Солтыс, литвин, давясь и тараща глаза от старания, выкрикивает:

– Часовой есть лицо неприкосновенное.

– Ну да, так, а еще?

– Часовой есть солдат, поставленный на какой-либо пост с оружием в руках.

– Правильно. Вижу, Солтыс, что ты уже начинаешь стараться. А для чего ты поставлен на пост, Пахоруков?

– Чтобы не спал, не дремал, не курил и ни от кого не принимал никаких вещей и подарков.

– А честь?

– И чтобы отдавал установленную честь господам проезжающим офицерам.

– Так. Садись.

Шаповаленко давно уже заметил ироническую улыбку вольноопределяющегося Фокина и потому выкрикивает с особенной строгостью:

– Вольный определяющий! Кто же так встает? Если начальство спрашивает, то вставать надо швидко, как пружина. Что есть знамя?

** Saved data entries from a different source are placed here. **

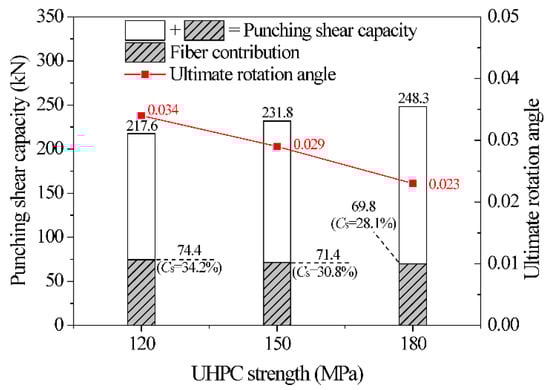 The influence of UHPC compressive strength on the punching shear capacity and ultimate rotation angle was analyzed based on the results of UHPC slabs tested by Fang et al. [15], as shown in Figure 18. Compared to slabs with a UHPC compressive strength of 120 MPa, the punching shear capacities of slabs with a UHPC of 150 MPa and 180 MPa improved by 6.5% and 14.1%, respectively. This improvement is attributed to the increase in tensile strength of UHPC and the shear resistance in the shear-compression zone. Furthermore, the elastic modulus increases with UHPC compressive strength, leading to an improvement in the flexural stiffness of the UHPC slab. Consequently, the development of the critical shear crack was restricted, and the fiber bridging effect decreased. Therefore, the fiber contribution ratio decreased with the increase in UHPC compressive strength.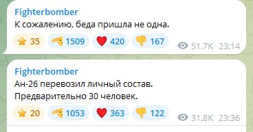 - Ранее близкий к воздушно-космическим силам РФ военный блогер Fighterbomber сообщил о потере самолета Су-34. Официальные источники эту информацию не подтверждали.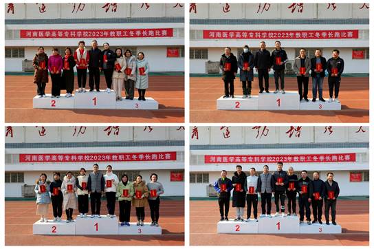 经过激烈角逐,第二分工会王雷和第三分工会郭大海、第四分工会张继娜和第二分工会齐佳分别以男女甲乙组第一名冲过终点线,分获男子甲乙组、女子甲乙组冠军。赛后,校领导们为获奖选手颁发荣誉证书并合影留念。

Вольноопределяющийся Фокин, с университетским значком на груди, стоит перед унтер-офицером в почтительной позе. Но его молодые серые глаза искрятся веселой насмешкой.

– Знамя есть священная воинская хоругвь, под которой...

– Брешете! – сердито обрывает его Шаповаленко и ударяет памяткой по ладони.

– Нет, я говорю верно, – упрямо, но спокойно говорит Фокин.

– Что-о?! Если начальство говорит нет, значит, нет!

– Посмотрите сами в уставе. – Як я унтер-офицер, то я и устав знаю лучше вашего. Скаж-жите! Всякий вольный определяющийся задается на макароны. А может, я сам захочу податься в юнкерское училище на обучение? Почему вы знаете? Что это такое за хоругь? хе-руг-ва! А отнюдь не хоругь. Свяченая воинская херугва, вроде как образ.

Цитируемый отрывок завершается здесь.